= Global Philanthropy Group =

Global Philanthropy Group is a consulting firm that provides philanthropic services for high-net-worth individuals, charitable foundations and corporations. Their clients include John Legend, Avril Lavigne, Madonna, Tegan and Sara, Miley Cyrus, Eva Longoria, Gucci, Task Rabbit and Tory Burch. They have offices in Los Angeles and New York.

==History==
Global Philanthropy Group was founded in 2006 by Maggie Neilson, Trevor Neilson and Ann Kelly.
In 2017, Global Philanthropy Group was acquired by Charity Network, joining digital fundraising companies Charitybuzz and Prizeo. The firm played a key role in advising on the creation of the Make it Right Foundation. Neilson and Nina Killeen worked with Pitt to launch Make It Right, a foundation for rebuilding New Orleans’s Ninth Ward after Hurricane Katrina. The Make It Right Foundation has been much criticized for building substandard housing for low income residents in New Orleans. In 2022, the Foundation paid $20.5 million to homeowners to settle a class action lawsuit.

==Founders==
Maggie Neilson is a founding board member of the Center for Women & Democracy, sits on the Parent Revolution Board and the New Leadership Board for the International Women's Health Coalition. She spoke at the 2014 South by Southwest Interactive Conference about feminism, philanthropy and technology.

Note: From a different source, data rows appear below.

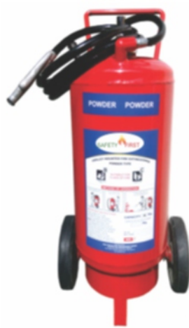
25 kg Inside Cartridge Trolley Mounted Safety First (5040)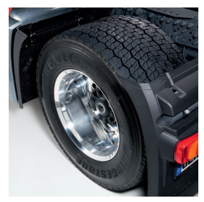
Super-wide tyres. Loader vehicles in long-haul and distribution transport are fitted as standard with super-wide tyres on aluminium wheels. In addition to the higher payload capacity, this also contributes to reduced tyre wear and low fuel consumption.

Loader engines. Actros and Antos Loader semitrailer tractors are powered by Euro VI engines in the 7.7I displacement category in output ratings beginning at 235 kW (320 hp)<sup>3)</sup>. Depending on the model variant, nine efficient 6-cylinder in-line engines are available in all for payload-sensitive long-haul and distribution transport operations, with outputs ranging between 175 kW (238 hp) and 315 kW (428 hp).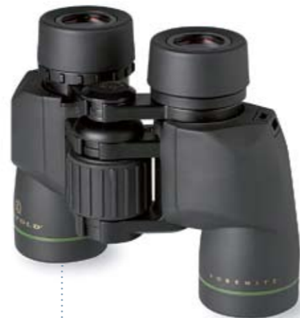
LEUPOLD YOSEMITE 6x30

Of the 36 pairs reviewed, 26 cost more than R1500. The remaining 10 were either porro-prism (big, clunky binoculars) or small, compact bins designed for slipping into your pocket or taking on a hike when weight is a serious issue. The porro-prisms didn't rate too badly for optics, but for the most part fared poorly in terms of feel and robustness. Almost all have external focusing (the eyepieces move in and out to focus), which pretty much precludes them being waterproof, and from experience we have found that they are easily knocked out of alignment. The one exception is the Leupold Yosemite 6x30, which has internal focusing and is claimed to be fully waterproof. It is small, compact and as cute as one can imagine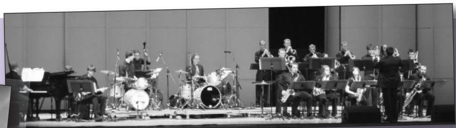
Jazz Ensemble on stage with Max Weinberg at The Victory Theatre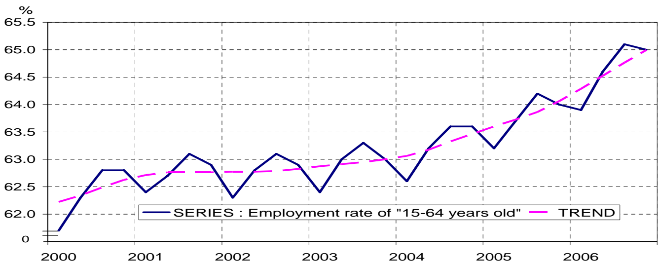
Chart 1: Employment rate 1 (15-64 years) for EU-25 from 2000Q1 to 2006Q4

This publication belongs to a quarterly series presenting the main results of the EU Labour Force Survey for the EU-25 and for all Member States.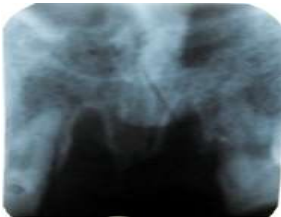
Fig. 3: Pre-operative IOPA Radiograph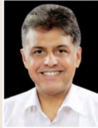
Shri Manish Tewari, MP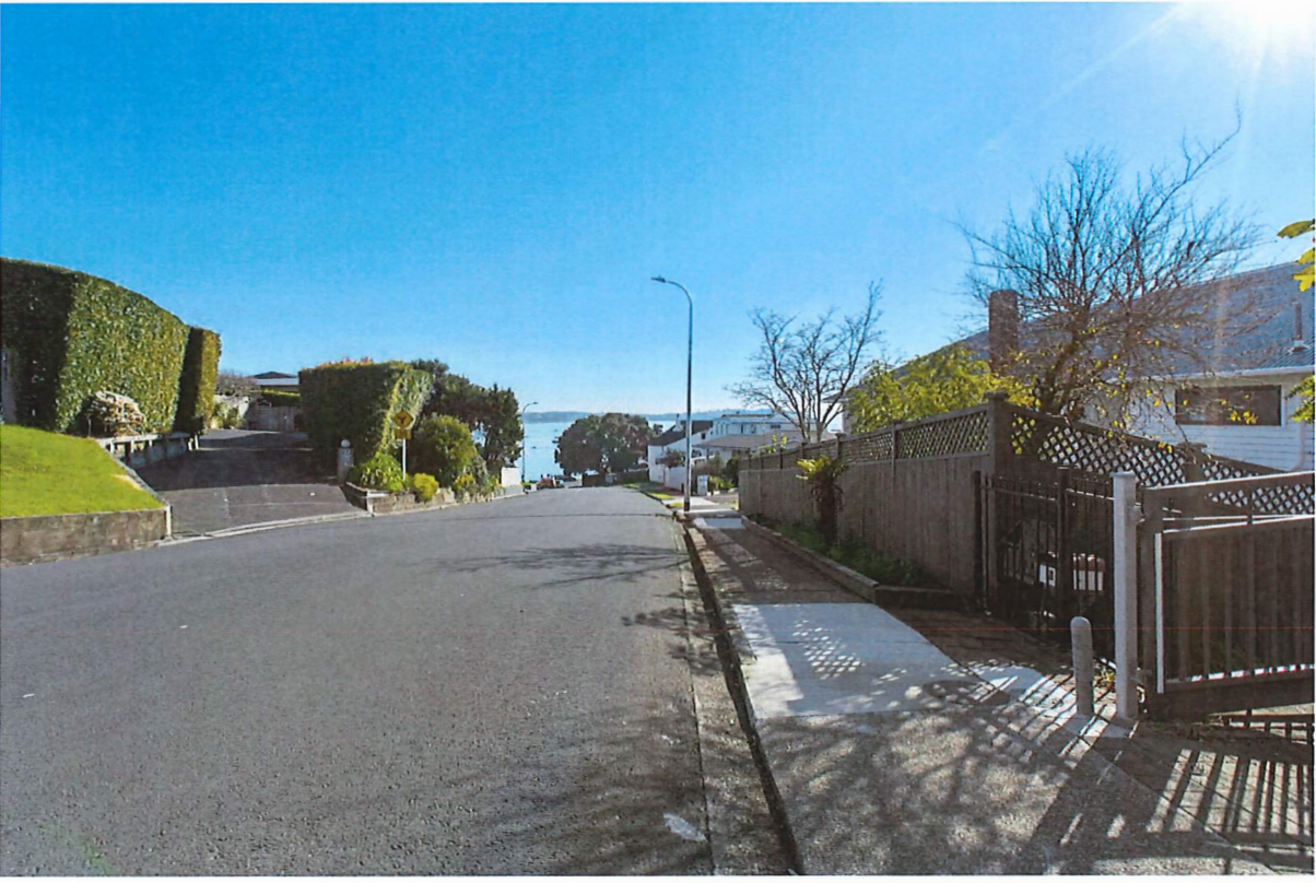
Laings Road, Bucklands Beach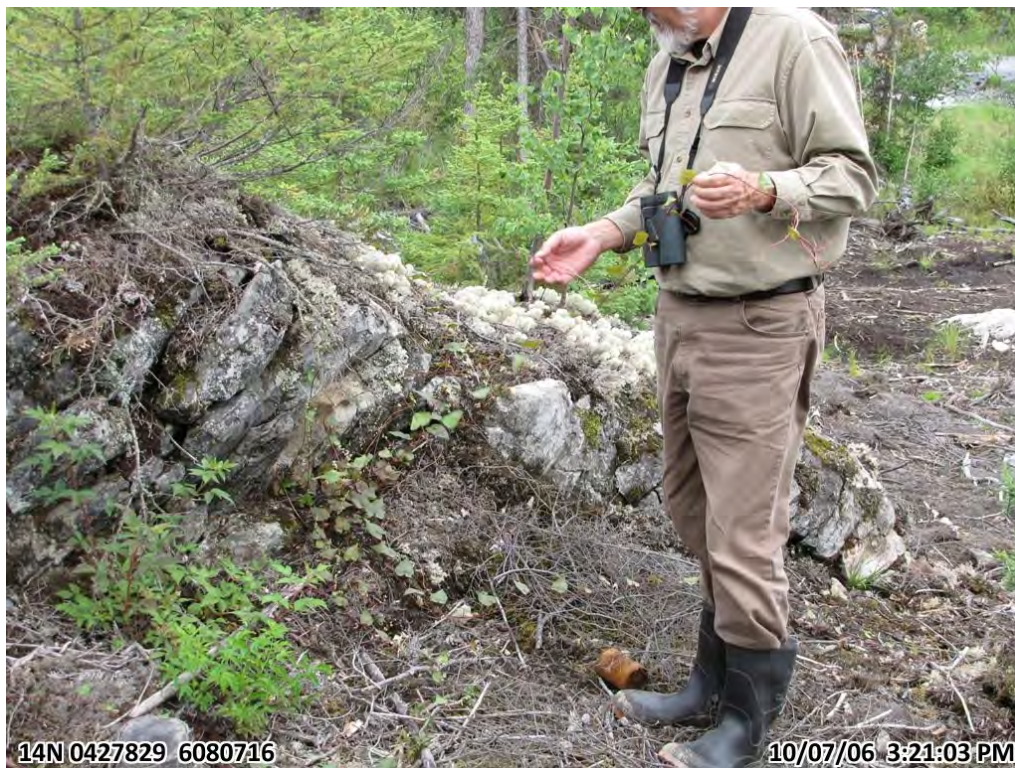
Photograph 27. Disturbed area to north of Lalor Access Road alignment (6 July 2010)

Trevor Neilson is a member of the Council on Foreign Relations, and serves on the advisory boards of the Desmond Tutu Peace Foundation, the Los Angeles Police Foundation, the Wikimedia Foundation, the Massachusetts General Hospital Center for Global Health and the Genocide Intervention Network. Trevor was named a Young Global Leader by the World Economic Forum and was a member of the Clinton Global Initiative.

Trevor speaks frequently about the topic of philanthropy, including panels at the TEDxWomen conference and American Express Luxury Summit. He previously wrote a column for the Huffington Post about philanthropy and other topics. Trevor is also the co-founder and CEO of i(x) investments a permanently capitalized, multi-strategy impact investing platform.

==Services==
Global Philanthropy Group's services include consulting on philanthropic strategy, research and briefing for clients on important issues, helping clients identify issues and causes to support and connecting clients with well-known D.C. figures, nonprofit organizations, and development leaders. In 2013, Global Philanthropy Group announced the formation of Global Philanthropy Digital, designed to leverage technology and social media for social good.
Their website also lists the following philanthropy services:
- Strategic planning services
- Strategy implementation and support
- Performance vetting, monitoring & evaluation
- Advocacy and communications services
- Legal, tax, and governance structure support
- Trust and estate planning
- Human rights record verification service
- Digital and social media strategy & management

==Media and publications==
Global Philanthropy Group co-published “The 25 Best Givers” list with Barron's, an American weekly financial newspaper. The list is calculated based on resource management, connectivity, innovative practices, sustainability, scalability, relationship management, transparency reporting, and issue severity. The top five philanthropists on the 2010 list included the Bill And Melinda Gates Foundation, The Omidyar Network, The Meth Project, the Skoll Foundation, and The Children's Investment Fund Foundation.

In 2018, Robb Report published an interview with Global Philanthropy Group CEO Maggie Neilson about consumer purchases making a philanthropic impact.

Global Philanthropy Group partner Trevor Neilson previously co-hosted a television series called “Giving” with Plum TV, “a multi-platform lifestyle network that targets the most active, influential, and educated audience in the world.” The series focused on the creative ways that philanthropists bring awareness and change to important global issues.